Opinion
2014-10-28
Lydia MOJICA, Plaintiff–Respondent, v. METRO–NORTH COMMUTER RAILROAD COMPANY, Defendant–Appellant, Metropolitan Transportation Authority, et al., Defendants.
Landman Corsi Ballaine & Ford P.C., New York (William G. Ballaine of counsel), for appellant. Seiden & Kaufman, Carle Place (Steven J. Seiden of counsel), for respondent.
Landman Corsi Ballaine & Ford P.C., New York (William G. Ballaine of counsel), for appellant.

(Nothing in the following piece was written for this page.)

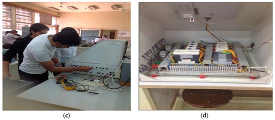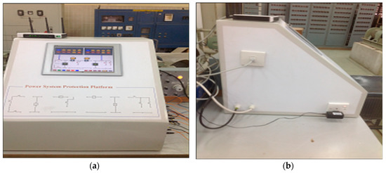 Figure 3 shows the front, left side, right side, and inside of the casing that was designed. The front (Figure 3a) was selected to accommodate the HMI. The left side (Figure 3b) was used to attach an Ethernet socket to provide remote usage and monitoring (i.e., to use the remote control software provided by LSIS Company, such as XP-remote and XP-manager) and also a 13A socket for power service. The right side (Figure 3c) was provided with banana power sockets to allow the user to create his or her own circuits. The inside (Figure 3d) highlights the installed devices.

Seiden & Kaufman, Carle Place (Steven J. Seiden of counsel), for respondent.
FRIEDMAN, J.P., RENWICK, MANZANET–DANIELS, FEINMAN, KAPNICK, JJ.
Order, Supreme Court, New York County (Kathryn E. Freed, J.), entered October 21, 2013, which, insofar as appealed from, denied the motion of defendant Metro–North Commuter Railroad Company (Metro North) for summary judgment dismissing the complaint as against it, unanimously affirmed, without costs.
Metro North did not establish its entitlement to judgment as a matter of law, in this action where plaintiff was injured when she allegedly slipped and fell on a patch of ice located inside a pedestrian tunnel underneath the railroad overpass owned and maintained by Metro North. The evidence submitted by Metro North failed to demonstrate that it lacked actual or constructive notice of the hazardous icy condition. Indeed, Metro North's annual inspection reports since the summer of 2008 show that it was aware that precipitation would result in water seeping through the overpass and leaking into the tunnel from the ceiling and walls. Accordingly, a jury could conclude that the allegedly negligent maintenance of the structure by Metro North caused the condition at issue ( see Lebron v. Napa Realty Corp., 65 A.D.3d 436, 884 N.Y.S.2d 37 [1st Dept.2009] ).
We have considered Metro North's remaining contentions and find them unavailing.